Today’s CryptoTraders Pro news post is actually a blog piece by Adam, discussing how Bitcoin Leads the Way. Let us know what you think on our Facebook page! Do you agree that Bitcoin leads the rest of the market?
The topic I’m going to discuss today might be commonplace for some people, but I feel like there is still a large group that doesn’t know how or why Bitcoin seemingly drags the entire market around with its moves. Plus, there are new people joining us in the crypto-sphere every day, so let’s dig right into it to understand why this is the case.
Have you ever wondered WHY the entire crypto market seems to follow Bitcoin? I know I sure did, and that also led to a lot of complaining with remarks like, “how come when Bitcoin goes up, my ___ coin goes down, and when Bitcoin goes down, my ___ coin goes also down!?”
Don’t lie, you’ve been there too, right?!
Here’s an image I took from today, the 21st of March, 2020. As you can see, every single coin (with the exception of Tether, naturally) is following the same trajectory as Bitcoin. Why?
Now, that’s not to say there aren’t times when some coins do the opposite of Bitcoin, but generally, during regular market movement this is what we see, especially for the top 100 coins/tokens. Have a look Here to read about the current market(s) drop.
Why does Bitcoin control the markets?
The answer to this question is actually very simple. It’s because of the way we perceive the USD value on our coins and tokens.
What do I mean, you ask?
Let me explain.
When you flip open your Coinmarketcap or Coingecko tab to go looking at cryptocurrency prices, you’re seeing their price valuation in USD, right?
Well, how do they determine the USD price of those coins and tokens?
They calculate the USD price of that coin or token by taking the current price of Bitcoin in USD, and multiplying it by the decimal version Satoshi value of it!
As of the image above, Bitcoin is priced at $6189.52 today. A coin with a price of 1,000,000 Satoshis, or decimal version 0.01 BTC would have a USD price of $6189.52 * 0.01 = $61.8952 USD.
Therein lies the problem with the cryptocurrency market. If today, Bitcoin dropped 10% and our imaginary coin worth 0.01 BTC stayed at exactly that same price in Satoshis, it too would automatically lose 10% of it’s value in USD.
Does that seem fair to you?
This stranglehold on the market can be frustrating. This also answers the question from the introduction of, “how come when Bitcoin goes up, my ___ coin goes down, and when Bitcoin goes down, my ___ coin goes also down!?”
When Bitcoin is going up, people sell their alt coins to Bitcoin or stables (Tether, etc) to try to ride the uptrend, thus lowering the coin or tokens value in Satoshis, often more than the price of Bitcoin has accrued. On the other side when Bitcoin is going down, as you’ve just seen, the price will naturally go down, even if the Satoshi value is unchanged, but even more so if the value in Satoshis is dropping as well. People sell their alts on the way down to try to pick up some cheaper Bitcoin as it falls.

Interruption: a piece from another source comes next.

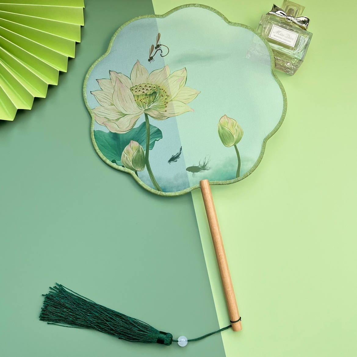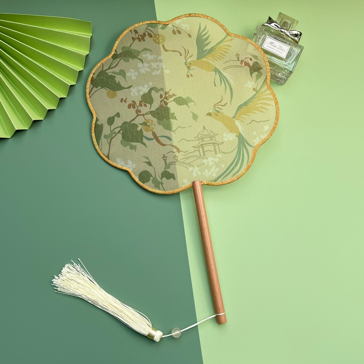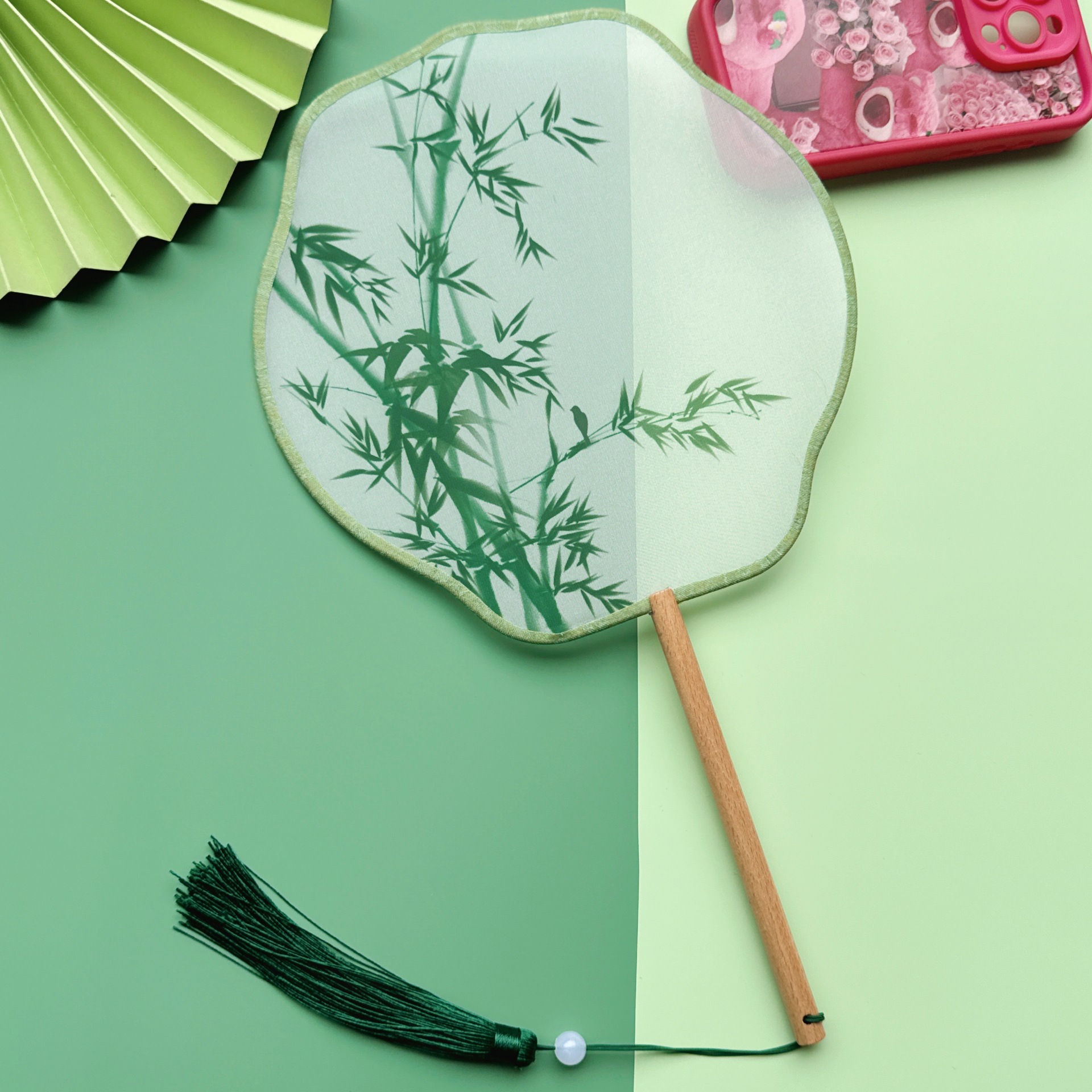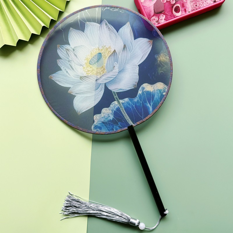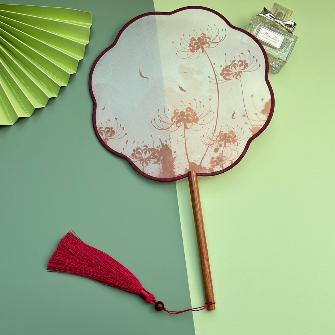 八瓣半透明长柄古风团扇汉服摄影道具宫扇子古典舞蹈演出旗袍圆扇

For the time being, this is what we have to work with in the markets and that is why some traders focus solely on the price of Bitcoin. Interested in trading? Check out the Youtube series right Here
That’s also not to say that depending on TA (Technical Analysis) or FA (Fundamental Analysis) that a coin/token can go off and completely do its own thing, because quite often they do. It’s just that the general overall market cap of crypto is still at the mercy of the USD price of Bitcoin, and it will remain that way for the time being.
A lot of people really do want the day to come where there is an uncoupling of Bicoin from the rest of the market. Myself included. Right now though, Bitcoin is still the main trading pair on almost every single exchange there is and in some cases is the only way to purchase many alt coins.
Every asset should have it’s own valuation, one that can’t be manipulated by simply moving the price of Bitcoin, but until the day we don’t use Bitcoin to value the price of every asset in the market, we must learn how to maneuver with what we’re offered.